How to trace the origin of how updates make it into my Ubuntu machine?

Asked Aug 30 '15 at 21:27

Active Sep 07 '17 at 06:07

Viewed 568 times

How do I find the full "community history" of how the updates listed by "software updater" made it into my Ubuntu machine?

The question is for the general workflow to obtain the "community history" of updates, not the "community history" of all updates available.

What I am after is for example

Patch(es) related to the update on mailing list(s)
Community discussions about the update
Source code related to the update
Git commits related to the update
People responsible for the update
How does software updater know which repositories to fetch updates from?
If software updater finds updates for a specific package in different repositories, but one is older and the other is newer, how does it select?
etc

Background:
It seems about once or a couple of times each week the "Software updater" displays:

Updated software is available for this computer. Do you want to install it now?

From what I understand, these updates are the same as SRUs - Stable Release Updates? Or are only updates from Canonical/Ubuntu called "SRUs", while non-Canonical/Ubuntu updates are not called SRUs?

Here is a screenshot of my "Software Updater", how do I for example find the "community origin" (patch(es), discussions, etc, if any) of the Chrome update (Available version: 44.0.2403.157-1) which is highlighted in the screenshot? Then when this update is installed, where do I find info about it on my machine?

How do I list all the updates installed on my machine and how do I list all the available updates that are not yet installed?

The suggested duplicate of "Show apt-get installed packages history via commandline?" asks about listing packages installed, my question is about updates and how to trace the origin of the updates and how they make into my Ubuntu machine.

edited Sep 07 '17 at 06:07

Zanna

70,465

asked Aug 30 '15 at 21:27

Markus

2 Answers2

First off, an important clarification:

The terms "Stable Release Updates" and "Security Updates" (don't forget them!) apply to packages in main, universe, restricted and multiverse. PPAs or other third-party repositories may have their own release schedules and policies. In your screenshot I see "google-chrome-stable" -- this is not a Ubuntu package and it does not follow the Ubuntu release schedule.

Having said that, here's what you asked for:

For every Ubuntu update, the point of reference is the Launchpad bug. This is where you can find most of the information related to the problem(s) and solution(s).

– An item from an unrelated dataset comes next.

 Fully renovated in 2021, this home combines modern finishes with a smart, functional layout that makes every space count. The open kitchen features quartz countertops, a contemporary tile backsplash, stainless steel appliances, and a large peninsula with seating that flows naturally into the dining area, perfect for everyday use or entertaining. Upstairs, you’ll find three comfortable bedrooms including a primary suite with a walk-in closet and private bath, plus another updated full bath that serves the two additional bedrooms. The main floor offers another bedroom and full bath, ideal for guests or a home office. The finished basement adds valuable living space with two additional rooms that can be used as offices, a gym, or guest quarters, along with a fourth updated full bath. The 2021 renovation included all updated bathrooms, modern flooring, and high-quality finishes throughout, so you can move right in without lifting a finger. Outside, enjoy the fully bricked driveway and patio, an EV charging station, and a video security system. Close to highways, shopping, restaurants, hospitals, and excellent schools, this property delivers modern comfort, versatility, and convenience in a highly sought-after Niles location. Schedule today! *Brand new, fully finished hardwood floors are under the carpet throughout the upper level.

You can get the bug numbers by checking the changelog of each package. For example, as of writing, this is the last entry from apt-get changelog nautilus:
```
nautilus (1:3.14.2-0ubuntu9.1) vivid; urgency=low

  * debian/patches/ignore-no-desktop-if-not-first-launch.patch:
    - Don't shut off the desktop when external application calls nautilus
      --no-desktop on a running GNOME desktop. (LP: #1453655)

 -- Chow Loong Jin <hyperair@debian.org>  Wed, 24 Jun 2015 11:50:03 +0800
```
As you can see, the log entry refers to bug #1453655.

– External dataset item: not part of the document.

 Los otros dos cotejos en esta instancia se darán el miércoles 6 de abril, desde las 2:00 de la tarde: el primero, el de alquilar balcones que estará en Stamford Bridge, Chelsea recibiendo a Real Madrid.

For security bugs, generally the bug report is private (to prevent malicious people from accessing critical information) and, generally, instead of the Launchpad bug number you'll find the CVE number.
Patches applied by Ubuntu (or by Debian) are in the source package, in the debian/patches directory. If you want to download the source packages for Nautilus, use apt-get source nautilus.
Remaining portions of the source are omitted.